▶ YOUR OBJECTIVE
Transcribe the whole listing without a single picture.

▶ INFORMATION PROVIDED
☆ ☆ ☆ ☆

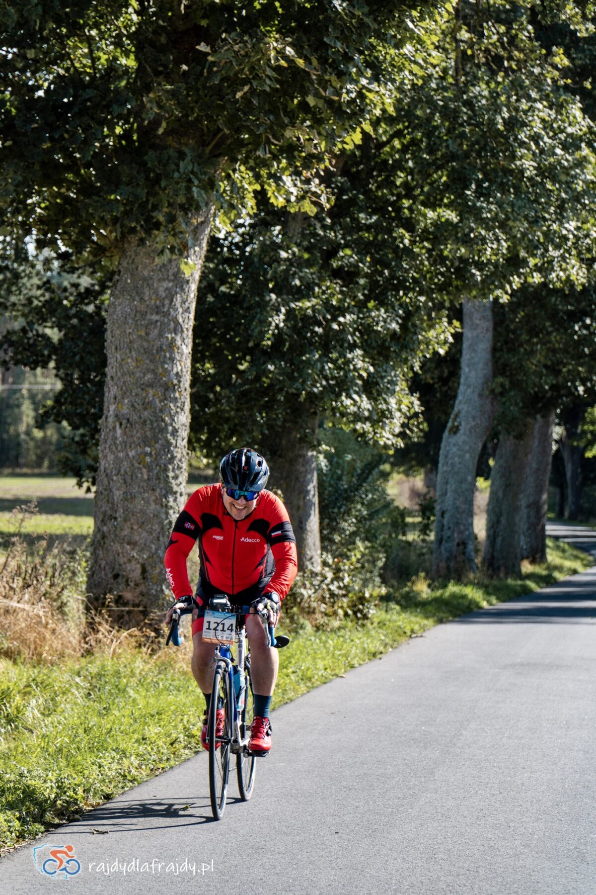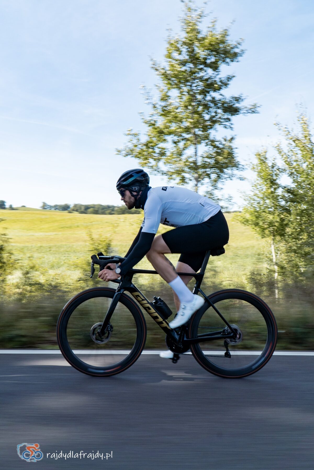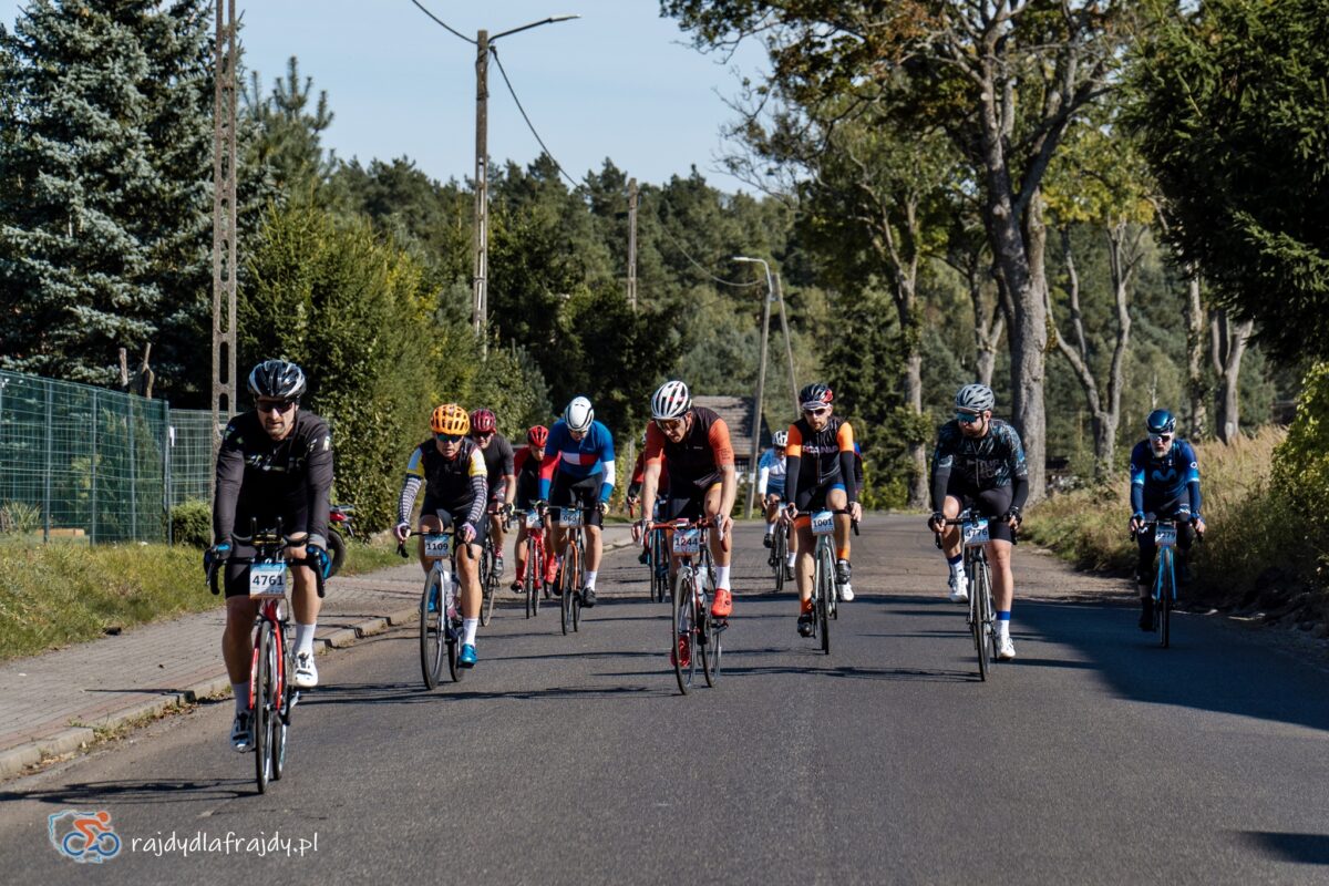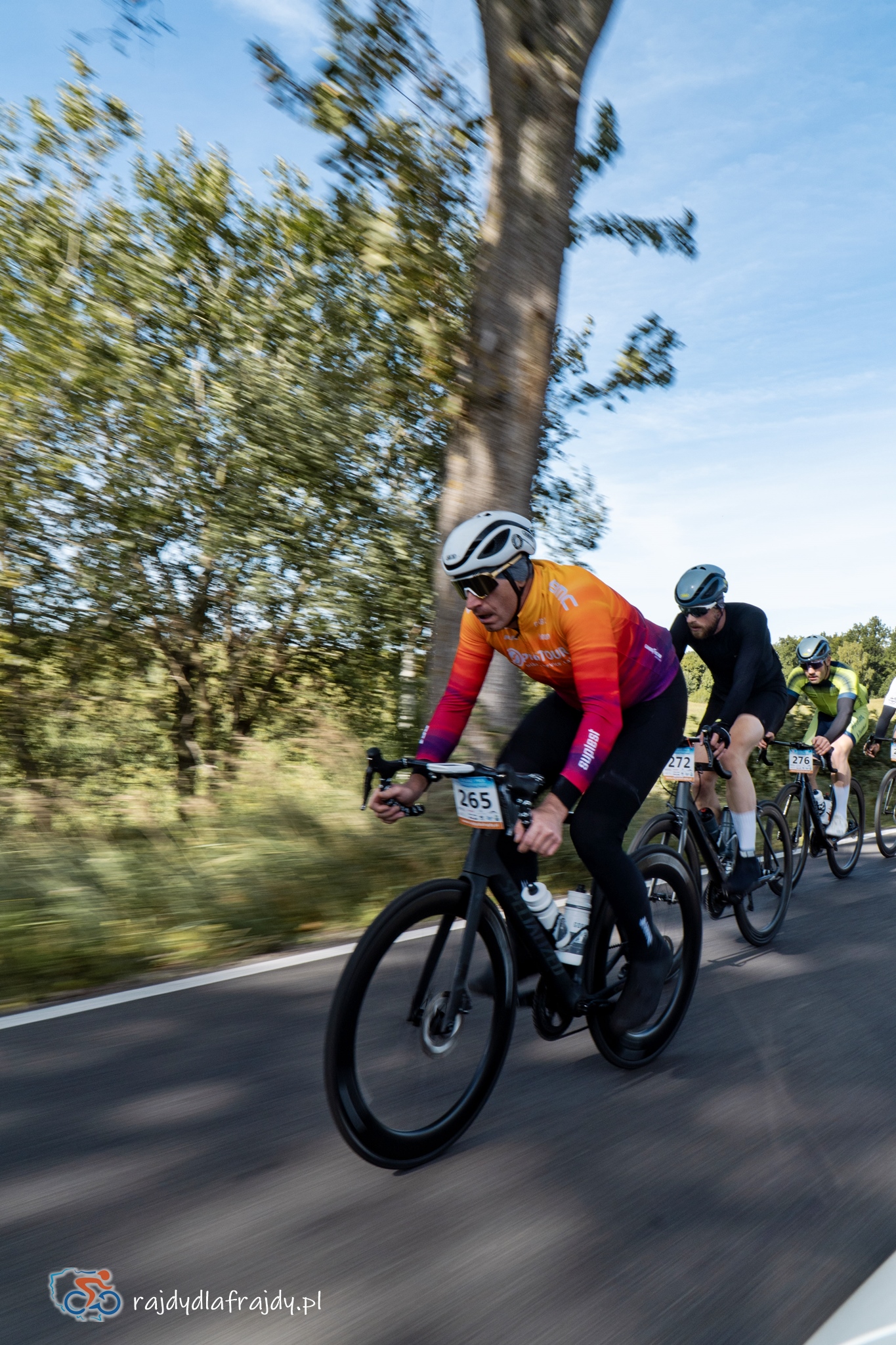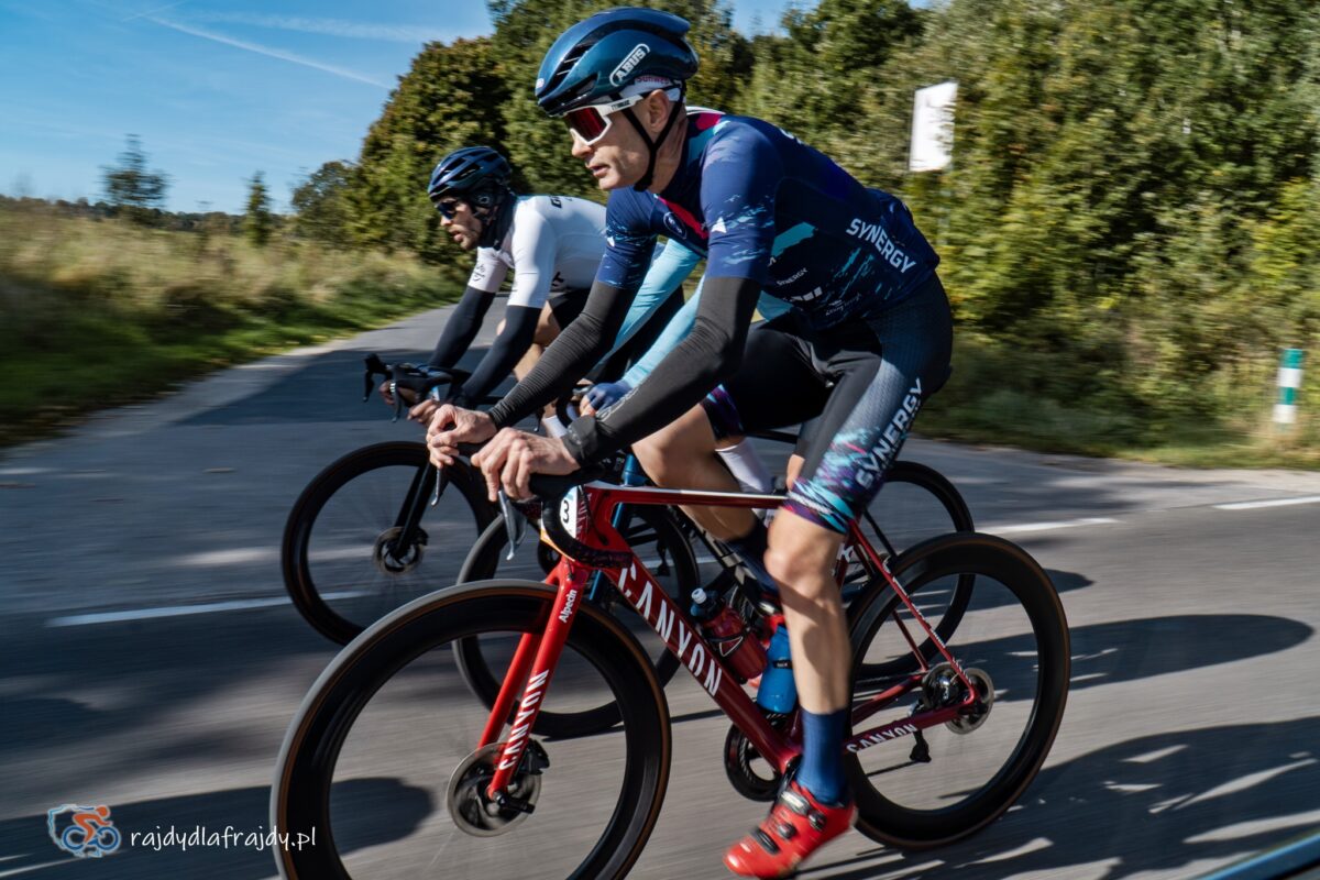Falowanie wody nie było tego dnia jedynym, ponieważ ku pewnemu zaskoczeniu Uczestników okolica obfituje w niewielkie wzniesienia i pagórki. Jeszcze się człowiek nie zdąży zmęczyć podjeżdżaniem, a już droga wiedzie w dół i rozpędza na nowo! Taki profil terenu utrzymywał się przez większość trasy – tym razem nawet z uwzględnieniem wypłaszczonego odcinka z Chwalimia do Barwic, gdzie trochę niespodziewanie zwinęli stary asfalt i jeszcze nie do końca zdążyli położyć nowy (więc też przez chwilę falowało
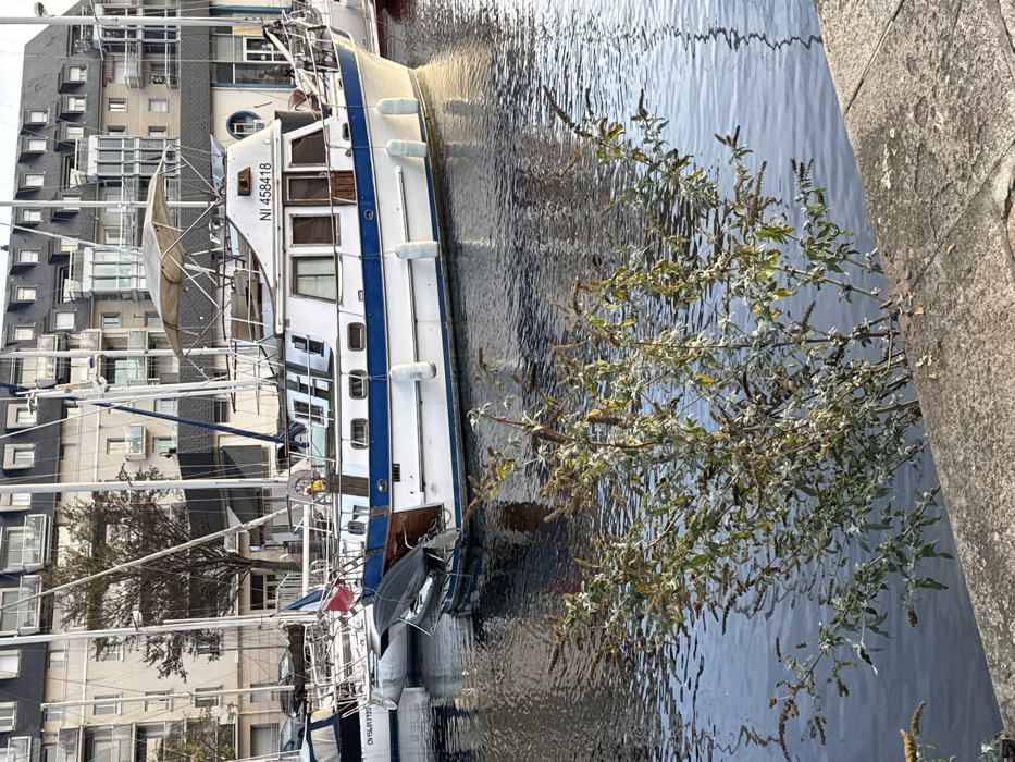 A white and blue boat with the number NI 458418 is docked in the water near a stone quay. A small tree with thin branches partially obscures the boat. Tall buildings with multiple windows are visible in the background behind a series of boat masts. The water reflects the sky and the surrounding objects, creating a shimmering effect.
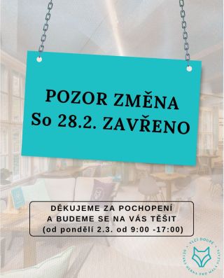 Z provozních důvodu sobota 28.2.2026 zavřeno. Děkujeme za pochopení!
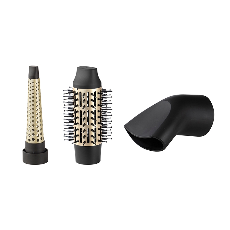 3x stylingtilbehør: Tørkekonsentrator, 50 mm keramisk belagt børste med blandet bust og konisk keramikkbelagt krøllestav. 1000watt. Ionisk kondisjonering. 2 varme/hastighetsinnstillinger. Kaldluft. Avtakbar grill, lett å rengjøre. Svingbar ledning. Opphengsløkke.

☆ ☆ ☆ ☆

▶ SOLUTION
Falowanie wody nie było tego dnia jedynym, ponieważ ku pewnemu zaskoczeniu Uczestników okolica obfituje w niewielkie wzniesienia i pagórki. Jeszcze się człowiek nie zdąży zmęczyć podjeżdżaniem, a już droga wiedzie w dół i rozpędza na nowo! Taki profil terenu utrzymywał się przez większość trasy – tym razem nawet z uwzględnieniem wypłaszczonego odcinka z Chwalimia do Barwic, gdzie trochę niespodziewanie zwinęli stary asfalt i jeszcze nie do końca zdążyli położyć nowy (więc też przez chwilę falowało
 A white and blue boat with the number NI 458418 is docked in the water near a stone quay. A small tree with thin branches partially obscures the boat. Tall buildings with multiple windows are visible in the background behind a series of boat masts. The water reflects the sky and the surrounding objects, creating a shimmering effect.
 Z provozních důvodu sobota 28.2.2026 zavřeno. Děkujeme za pochopení!
 3x stylingtilbehør: Tørkekonsentrator, 50 mm keramisk belagt børste med blandet bust og konisk keramikkbelagt krøllestav. 1000watt. Ionisk kondisjonering. 2 varme/hastighetsinnstillinger. Kaldluft. Avtakbar grill, lett å rengjøre. Svingbar ledning. Opphengsløkke.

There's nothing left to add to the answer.